→ **DATA RECORDS**

BEGIN

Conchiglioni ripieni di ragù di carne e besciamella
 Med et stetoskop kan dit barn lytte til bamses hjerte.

END
BEGIN

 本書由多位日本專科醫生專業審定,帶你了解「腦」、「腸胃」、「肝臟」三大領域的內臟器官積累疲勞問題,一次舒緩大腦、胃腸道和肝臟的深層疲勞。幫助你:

END
BEGIN

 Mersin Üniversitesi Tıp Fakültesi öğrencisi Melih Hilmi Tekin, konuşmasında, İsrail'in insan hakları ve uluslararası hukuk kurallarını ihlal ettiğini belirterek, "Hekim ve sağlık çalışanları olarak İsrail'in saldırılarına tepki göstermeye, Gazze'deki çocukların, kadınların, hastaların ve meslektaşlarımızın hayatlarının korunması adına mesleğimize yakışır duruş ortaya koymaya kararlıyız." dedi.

END

Above are records; repeat only the lines starting at the line with "Conchiglioni ripieni di" and ending at the line with "Med et stetoskop", exactly as they appear, both included.

→ **WORKED SOLUTION**
Conchiglioni ripieni di ragù di carne e besciamella
 Med et stetoskop kan dit barn lytte til bamses hjerte.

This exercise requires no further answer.